My wife and I are plannng to drive to Quebec City area (Beaupre) from Baltimore.  We figure we can do it in two days leaving on a friday morning and checking in on a sat afternoon.  Any suggestions for a nice stop-over for an evening or night"


----------



## AKE (Nov 16, 2008)

As the majority of your driving will be in the states, it would be better to stop somewhere in New York or Vermont.  Once you cross the border into Canada then the only major city is Montreal which is only a few hours away from Quebec City.  What time of the year will you be travelling?  In the summer time the Lake George / Finger Lakes area of NY state is pretty.  Come fall / winter, there will be rain and snow and a lot of the resorts will not be open.  Burlington (Vermont) is ok- lots of facilities and things to do - we oftren stay there when we ski in Vermont or upper NY state.


----------



## pgnewarkboy (Nov 16, 2008)

Thanks, we will be travelling the last week of september.  We hope to catch some fall foliage.


----------



## wackymother (Nov 24, 2008)

You could stop in Albany.

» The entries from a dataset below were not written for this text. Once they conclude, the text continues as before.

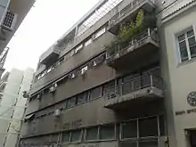 Influenced by Le Corbusier, Walter Gropius, and Erich Mendelsohn,[18] as well as more conservative architects such as Michel Roux-Spitz,[19] virtually every apartment building that was built in Athens during that decade followed this style. These buildings are characterized by the bay windows which can protrude up to 1.4 metres under the 1929 General Building Regulation, the non-existent or subtle ornamentation such as occasional Art Deco motifs, especially on ironwork, and spacious entry halls. They often have permanent decorative pergolas on the terraces of the top floors. The use of bay windows produces a plasticity effect to the façades. An example of an apartment building with completely unadorned façades and many bay windows is the famous Ble Polykatoikia near Exarcheia Square designed in 1932 by Kyriakos Panagiotakos.[20] Other architects used bolder Corbusian features on their buildings with flat façades without bay windows and with long horizontal windows. One such example is the apartment building on Stournari and Zaimi Streets designed by Thoukydidis Valentis and Polyvios Michailidis in 1933.[21]
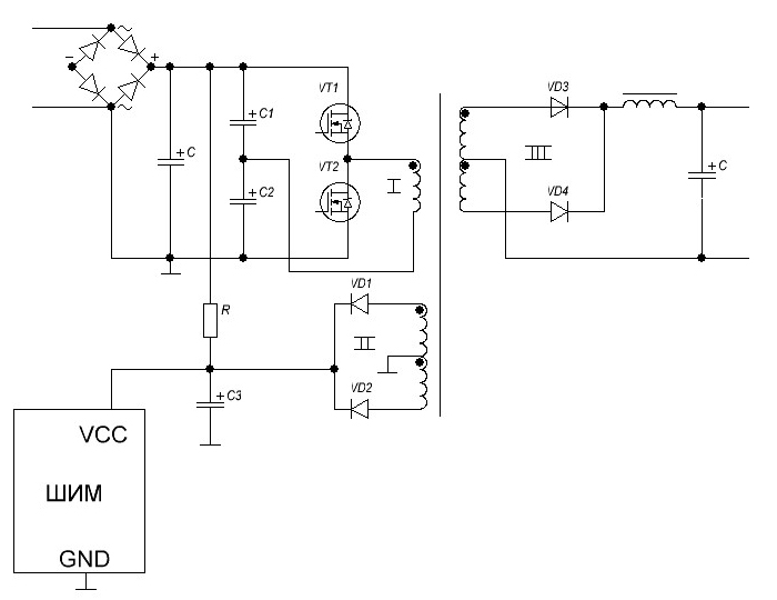 Здравствуйте уважаемые коты. Думаю, что вам уже надоело разжевывать подобные темы, а если нет, буду вам признателен в разъяснении моих сомнений. Поправьте меня, пожалуйста, если я не прав. Итак. В первом такте работы схемы происходит следующее. Открывается транзистор VT, а VT2 закрыт. Тогда ток протекает от плюса выпрямителя через VT1, через первичную обмотку тр-ра в направлении Н-К обмотки, далее через конденсатор C2 и на минус выпрямителя. В обмотке номер 2 ток начнет протекать от Н обмотки через диод VD1 и на конденсатор C3 и на запитку контроллера. И после вернется в среднюю точку обмотки 2, которая соединена с минусом выпрямителя. В обмотке 3 ток потечет от Н обмотки, через диод VD 3 на дроссель и далее в схему , а с нее вернется в среднюю точку обмотки 3. Естественно, что вторые половины обмоток 2 и 3 не будут задействованы в это время из за диодов VD2 и VD4 соответственно. Далее. Когда начнется второй такт работы и транзистор VT1 закроется, а VT2 откроется, ток потечет в схеме от выпрямителя, через конденсатор C2, через обмотку 1 от К-Н и через VT2 к минусу выпрямителя. В обмотке номер 2 ток потечет от К обмотки, через VD2 на конденсатор C3 и на зпитку контроллера. И после вернется в среднюю точку обмотки 2, которая соединена с минусом выпрямителя. В обмотке 3 ток потечет от К обмотки, через диод VD 4 на дроссель и далее в схему , а с нее вернется в среднюю точку обмотки 3. Простите что так муторно и подробно, нигде вроде не ошибся? Далее, Левая часть схемы никак не сообщается с правой частью схемы. Вопрос! Повлияет ли на правильную работу схемы в общем если вторую и третью обмотки намотать в противоположном направлении относительно первичной обмотки? Сразу оговорюсь, что в обмотках 2 и 3 их средний вывод соединяет в себе начало и конец половинок своих обмоток. Здесь все согласно точкам на схеме. Тупо меняем направление намотки вторичек относительно первички. Я думаю ,что на работу устройства такая намотка в данной схеме не повлияет кроме того ,что в первом такте во вторичках ток побежит через VD2 и VD4. А во втором через VD1 и VD3. Поправьте если я не прав пожалуйста. Хочу понять для себя именно для этой схемы.
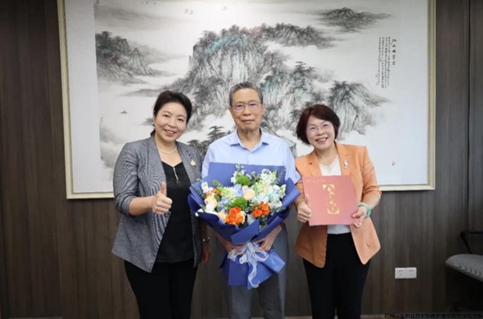 在钟南山院士与学校党委书记余莎、校长卢穗华的交流中,钟南山院士对学校近年来办学水平提高、办学规格提升及校区布局调整等成绩表示充分肯定,对学校未来发展给予建议,对师生给予了深切的祝福和勉励。钟院士希望学校师生继续发扬优良传统,积极投身祖国医疗事业,为区域健康发展培养高素质卫生技术人才,做出广卫人的贡献。
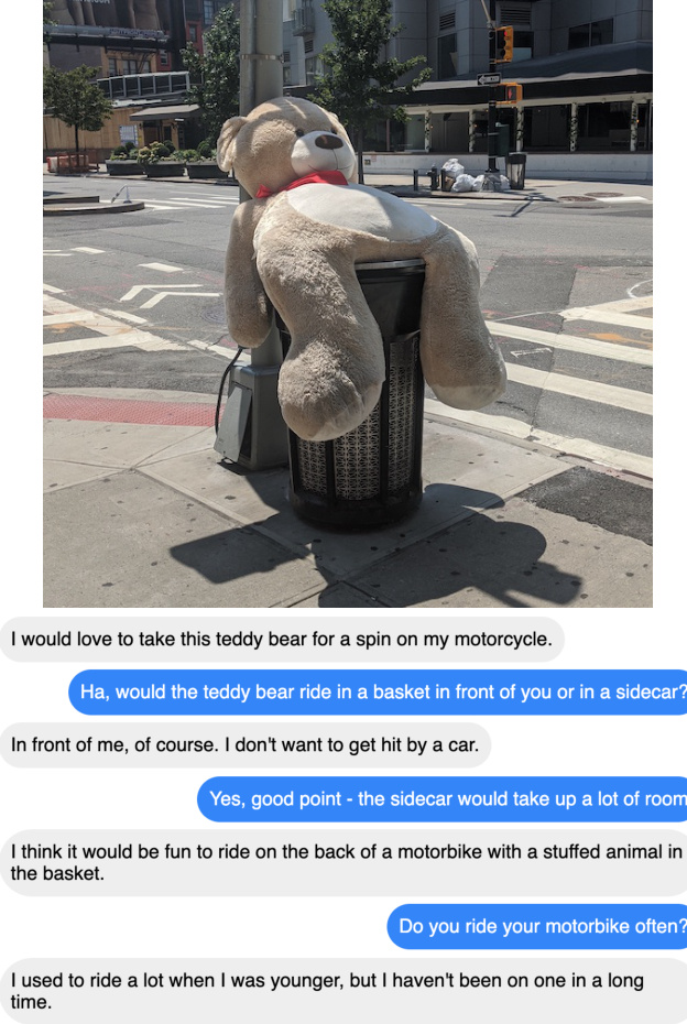 Figure 1: Paper author (right speaker) conversing with our MMB DegenPos model (left speaker). This example was cherry picked. We show more sample conversations in Section 6.2.

The scenery is pretty around there, and there are a ton of hotels around there, so you can get a good deal on room using Priceline.


----------



## dryden (Dec 17, 2008)

*i've done that run before...*

twice skiing over christmas.  i agree, albany is a good spot- kind of half way and won't take you too far off course.  if i remember correctly, once into canada montreal is up and to the left about 45 mins (?), and quebec is up and to the right about two hours (i found that out by mistake). in my opinion, montreal is a great city that may deserve a few days visit.  to go to montreal, you'd be going west to come back east to quebec. that ride to quebec is a tough two hours as there isn't much scenery....kind of like the new york state thruway!  however, once there, the old city and new city of quebec are quite the site.  enjoy!!!


----------



## AKE (Dec 18, 2008)

You actually go by the outskirts of Montreal on the way to Quebec City.  If you do decide to go into downtown Montreal then beware that the expressways are very narrow and traffic moves way above speed limits with exits just appearing at the last minute.  You can only use a hands-free cell phone in the province of Quebec and not all cities allow right turns on red.


----------